Abstract
Tumor-induced osteomalacia (TIO) is a rare acquired form of hypophosphatemia commonly associated with phosphaturic mesenchymal tumors (PMTs) located in the bone or soft tissue. Resection of the tumor can cure osteomalacia. Fibroblast growth factor 23 has been identified as a major pathophysiological factor responsible for phosphaturia. The majority of PMTs are benign, and malignant PMTs are uncommon. Even in rare cases, the malignant transformation of PMTs is extremely uncommon. The current study presents two cases in which the patients succumbed to malignant PMTs that developed in the pelvis.
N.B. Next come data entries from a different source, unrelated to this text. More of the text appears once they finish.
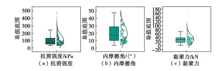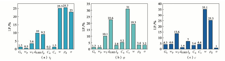 R2 values of 0.925, 0.965 and 0.942. The sensitivity analyses reveal that the dry density, moisture content and normal stress exert the most significant influence on the shear strength, while the key factors for the internal friction angle are the coefficient of curvature, viscous grain content and water content. The water content, dry density and liquid limit are identified as the primary influencers on the cohesion. The data-driven model established herein offers guidance for selecting the shear strength indexes in engineering and investigating strength parameters of soils through the machine learning methods.
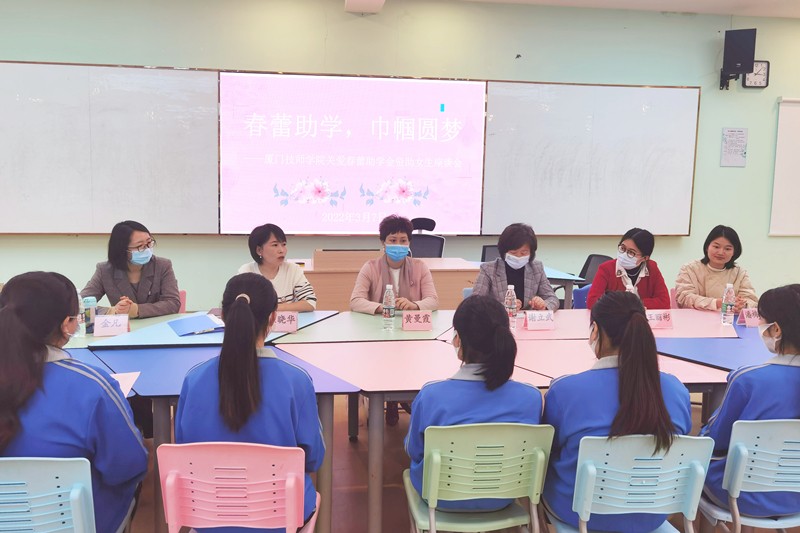 3月7日,在第112个国际劳动妇女节来临之际,我院举办了以关爱春蕾助学金资助对象为主题的“春蕾助学,巾帼圆梦”专题座谈会。厦门市妇女联合会党组成员、副主席谢立武受邀参加,学院党委委员、副院长黄曼霞,团委书记庄晓华等参加座谈。
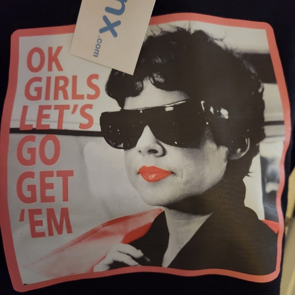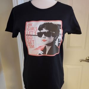 Grease the movie, Rizzo, Okay Girls, Let's Go Get em womens t-shirt. Available in several colors, shown here on black in womens medium.
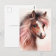 This cute pony postcard features a watercolor painting of a young horse, capturing the elegance and beauty of this majestic animal. The horse's expressive eyes and delicate facial features are highlighted by a warm, natural brown coat with a streak of white, all contrasting with an unusual pink-tinted mane. Perfect for equestrian enthusiasts and animal lovers.
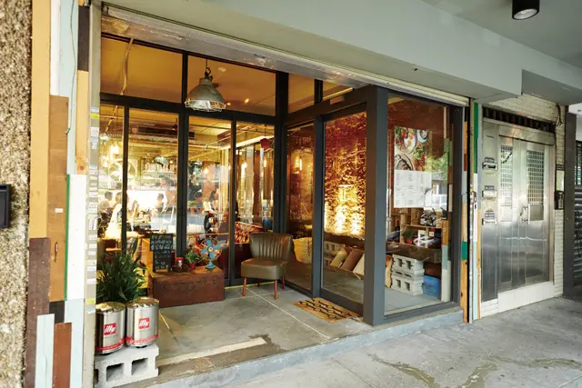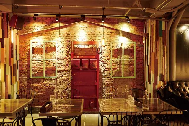 ▲老房子留下來的紅磚牆,是NaiYe Cafe奈野3店的最大特色。
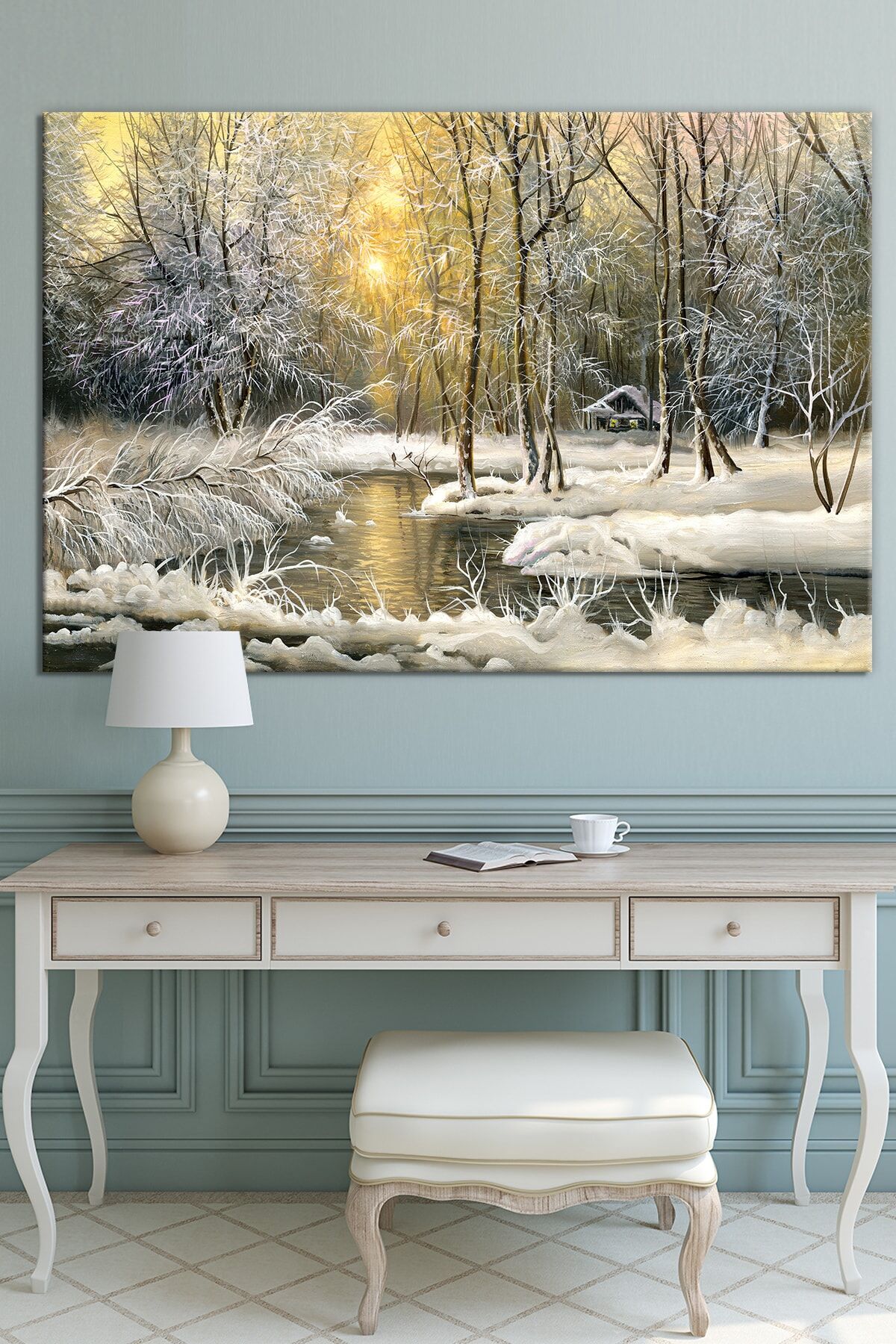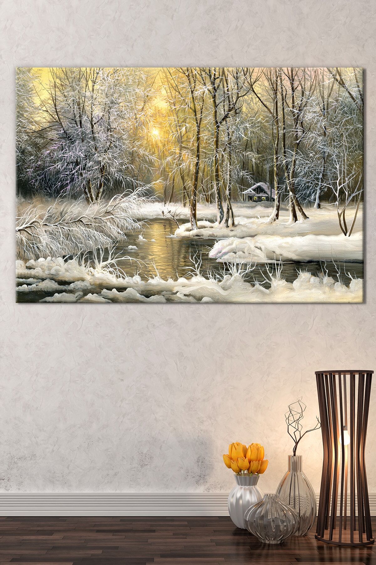 Yeni Yıl New Year Yılbaşı Kış Yağlıboya Efektli Doğa Manzara Dekoratif Kanvas Tablo

The first patient was a 35-year-old female with a malignant PMT occurring as a synchronous double cancer associated with papillary thyroid carcinoma. Diagnosis was difficult, as the multiple uptake on positron emission tomography with 18F-fluorodeoxyglucose presented as pseudofractures mimicking the metastases of thyroid carcinoma. The patient succumbed to rapidly progressive lung metastases. The second patient presented with a pelvic tumor that had developed over 26 years. The patient was diagnosed with a benign PMT by open biopsy and a complete resection was performed. However, two years later, the tumor recurred and lung metastases were observed. The patient ultimately succumbed to respiratory failure due to relapsing lung metastases and disseminated intravascular coagulation. These two cases demonstrate the potential lethality of malignant PMTs and the malignant transformation of benign PMTs. Therefore, TIO patients must be followed up even if diagnosed with a benign tumor. Although TIO is an extremely rare disease, the possibility of malignant PMTs must be recognized.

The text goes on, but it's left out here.